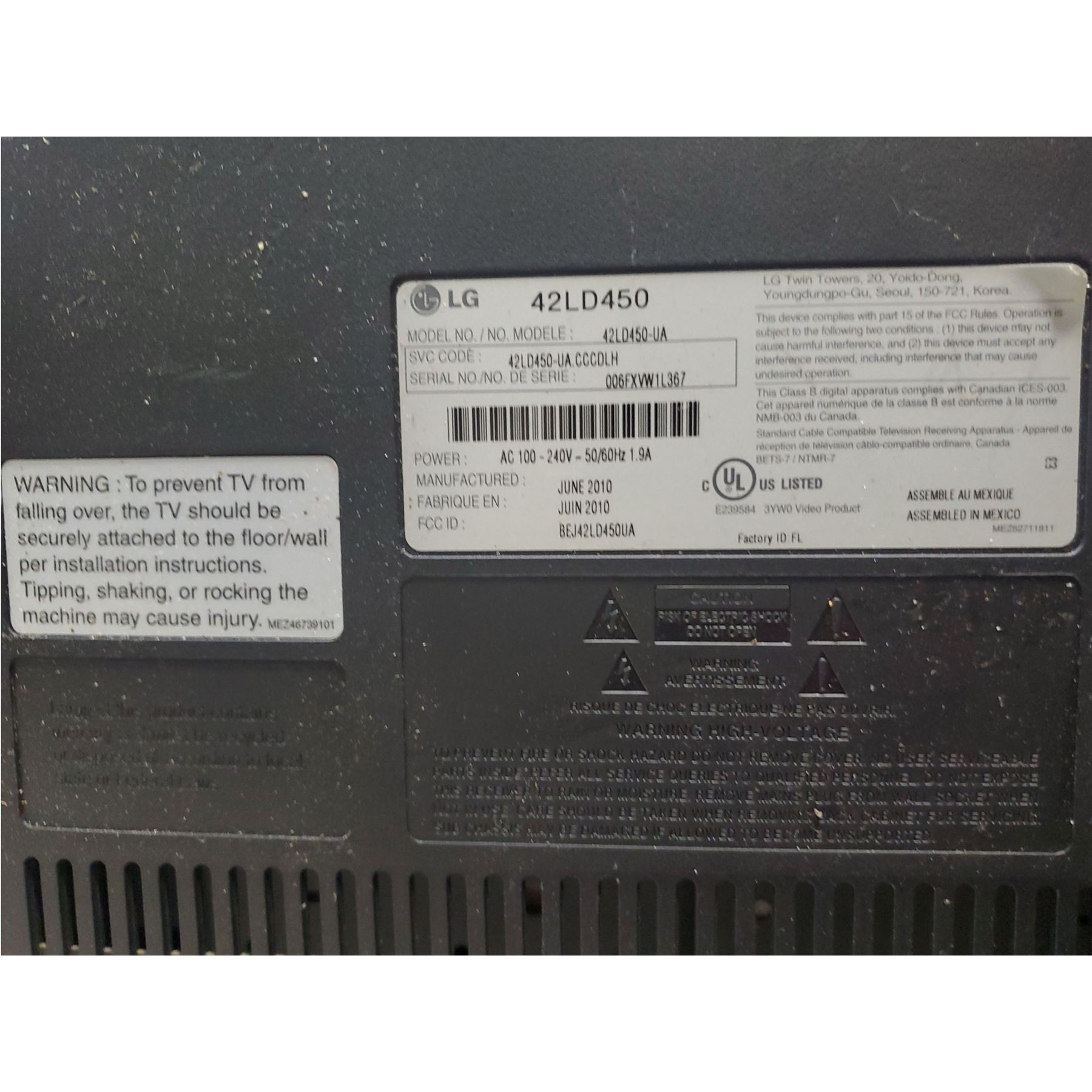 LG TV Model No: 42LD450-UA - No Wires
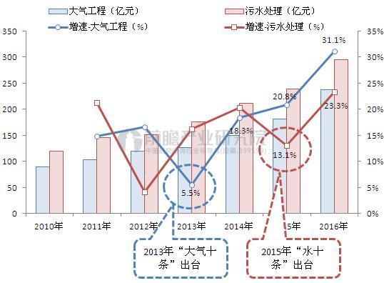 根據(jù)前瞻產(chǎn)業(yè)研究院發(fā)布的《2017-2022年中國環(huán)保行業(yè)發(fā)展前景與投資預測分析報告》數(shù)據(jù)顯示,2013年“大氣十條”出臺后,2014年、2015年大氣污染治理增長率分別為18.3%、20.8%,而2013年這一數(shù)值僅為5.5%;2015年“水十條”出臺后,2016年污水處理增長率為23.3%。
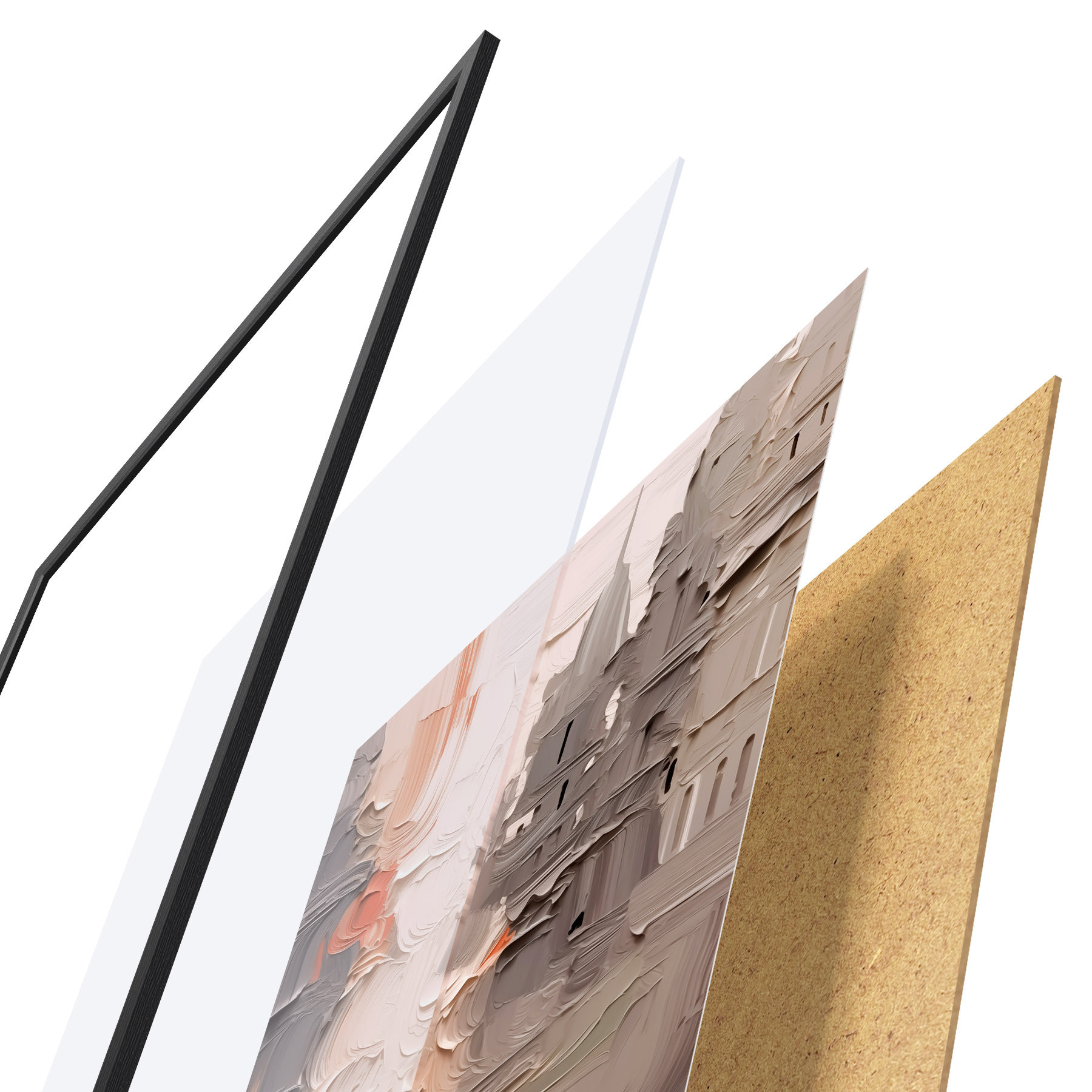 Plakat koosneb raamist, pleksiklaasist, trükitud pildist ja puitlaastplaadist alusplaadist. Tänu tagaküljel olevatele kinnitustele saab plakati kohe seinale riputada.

** Work order **
Leaving every picture out, repeat each line of the material exactly.

** Finished task **
 LG TV Model No: 42LD450-UA - No Wires
 根據(jù)前瞻產(chǎn)業(yè)研究院發(fā)布的《2017-2022年中國環(huán)保行業(yè)發(fā)展前景與投資預測分析報告》數(shù)據(jù)顯示,2013年“大氣十條”出臺后,2014年、2015年大氣污染治理增長率分別為18.3%、20.8%,而2013年這一數(shù)值僅為5.5%;2015年“水十條”出臺后,2016年污水處理增長率為23.3%。
 Plakat koosneb raamist, pleksiklaasist, trükitud pildist ja puitlaastplaadist alusplaadist. Tänu tagaküljel olevatele kinnitustele saab plakati kohe seinale riputada.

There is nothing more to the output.